See database metrics and elastic pool metrics for all available metrics in Azure SQL Database.
Note
Some metrics apply only to specific types of databases or elastic pools. The description of each metric mentions if its use it limited to a specific database or elastic pool type, such as vCore, Hyperscale, serverless, etc.
In Azure SQL Database portal, several commonly used metrics are charted on the Monitoring tab of the Overview page. The metrics let you assess resource consumption and health of a database or an elastic pool at a glance.
Under Key metrics, select See all metrics or anywhere inside the chart to open metrics explorer. In the Metrics page, you can view all other available metrics for the database or elastic pool resource. In metrics explorer, you can change the time range, granularity, and aggregation type for the chart, change the type of chart, expand the scope to include metrics from other Azure resources, create alert rules, etc.
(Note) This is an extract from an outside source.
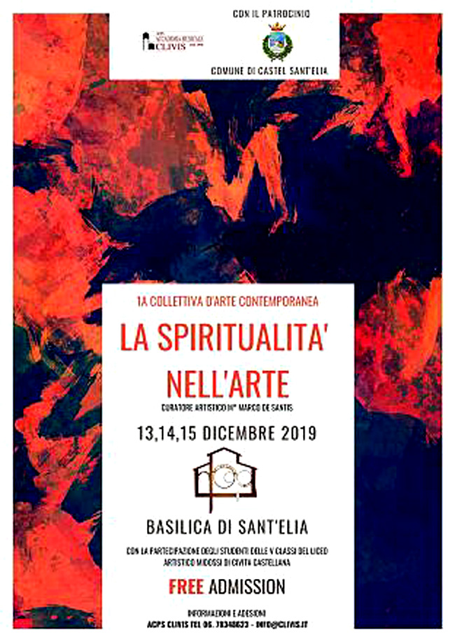 Venerdì 13 Dicembre, alle ore 11:00, presso la Basilica di Sant’Elia inaugurazione della mostra “LA SPIRITUALITA’ NELL’ARTE”, curata da Marco De Santis, realizzata dall’ACPS Accademia Musicale Clivis, con il patrocinio del Comune di Castel Sant’Elia e in collaborazione con il Liceo Artistico Midossi di Civita Castellana.

You can also open metrics explorer by selecting Metrics menu item, under Monitoring in the resource menu.
Use metrics to monitor databases and elastic pools
You can use metrics to monitor database and elastic pool resource consumption and health. For example, you can:
- Right-size the database or elastic pool to your application workload
- Detect a gradual increase in resource consumption, and proactively scale up the database or elastic pool
- Detect and troubleshoot a performance problem
The following table describes commonly used metrics in Azure SQL Database.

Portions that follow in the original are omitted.